DFB-Pokal Frauen
- Founded: 1981
- Region: Germany
- Teams: 49
- Current champions: Bayern Munich (3rd title)
- Most championships: VfL Wolfsburg (11 titles)
- Website: Official website
- 2026–27 DFB-Pokal Frauen

= DFB-Pokal Frauen =

The DFB-Pokal Frauen is the main national women's football cup competition in Germany, held annually by the German Football Association in knockout format. It was created in 1980, and since 1991 includes Eastern teams as well. The most recent champions are VfL Wolfsburg (ten consecutive titles), they also won the most titles with eleven. Since 1985 the final has been held in Berlin. This routine changed in 2010 when the DFB gave the final to the city of Cologne. It ever stayed in the city and was held at the RheinEnergieStadion. The final usually takes place on a weekend or holiday in early May.

==Format==
===Participation===
All clubs from the Bundesliga and the 2. Bundesliga are allowed to compete in the cup as are the clubs which gained promotion to the second Bundesliga. Also the winners of the regional cup competitions compete in the cup. As an exception to these rules, clubs' second teams are not allowed to participate in the DFB-Pokal. When a second team wins its regional cup, that team's regional association may send another team to the DFB-Pokal only if the cup winning second team has not also achieved promotion to the 2. Bundesliga.

===Seeding===
Of the qualified teams, not all have to compete in the first round. Exactly 32 teams have to compete in the second round of the tournament, so in the first round the number of matches is determined by the number of excess teams. The teams that do not have to compete in the first round are the best finishers from the previous Bundesliga season, the number again determined by the number of entrants to the tournament.
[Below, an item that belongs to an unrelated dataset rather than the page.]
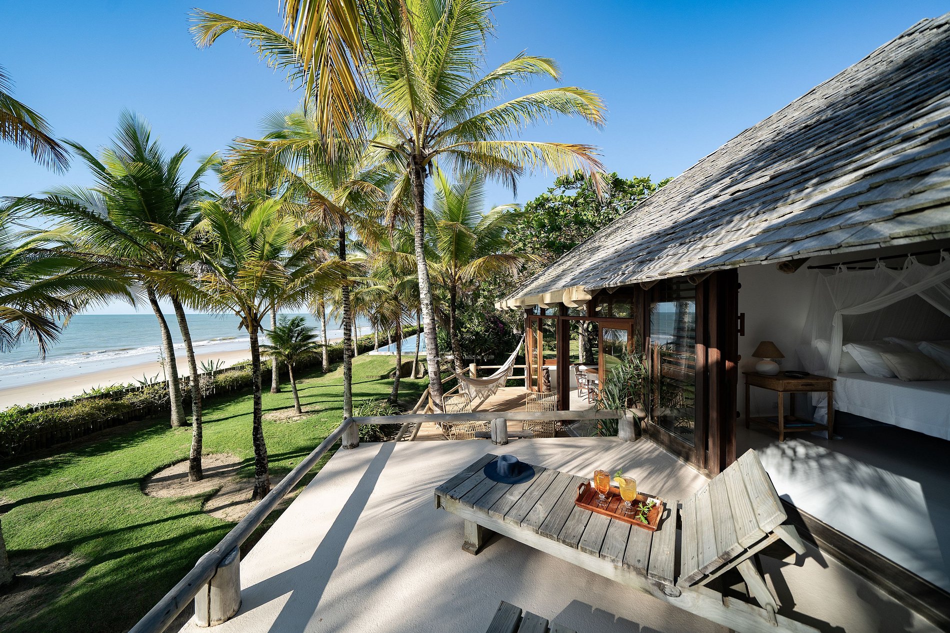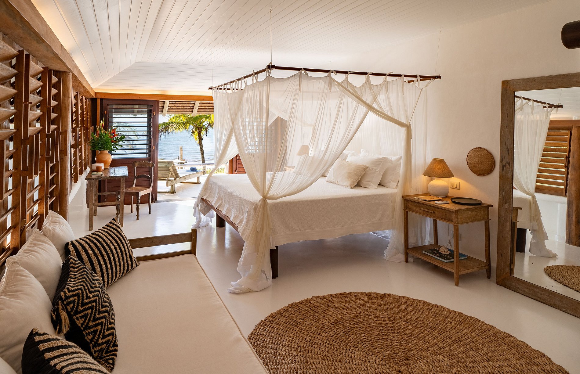 SUÍTE 5 - PRAIA com vista mar, cama king size, mosquiteiro, banheiro amplo, varanda, armário com cabideiro, secador de cabelo, AC, cofre;

The pairings for round one, two, and three are not entirely random as there is a commission allocating the clubs to two or four groups as they see fit. These groups correspond with the regional provenance of the clubs. In the third round the commission can decide not to allocate the contestants to any groups. Within those groups the clubs are again separated, this time depending on the league they play in. For the draw, clubs from the Bundesligas are put in one pot and the rest in a second pot. Non-Bundesliga clubs automatically have home advantage against clubs from the Bundesligas. From 2025–26 on, 32 teams will compete in a play-off round, while there is no regional split-up (21 winners of the regional cups, five promoted teams from the Regionalliga and six teams from the 2. Bundesliga), to determine the 16 teams in the first round. There, the Bundesliga and the four best-placed teams from the 2. Bundesliga will join.

===Match rules===
All games are held over two 45-minute halves with the winner advancing to the next round. In case of a draw, the game gets an extended by two 15-minute halves. If the score is still level after 120 minutes the winner is decided by penalty shootout. In the final no extra time is added in case of a draw after 90 minutes, instead the penalty shootout follows immediately.

==Winners==
Before the reunification of Germany the cup competition included teams from West Germany only.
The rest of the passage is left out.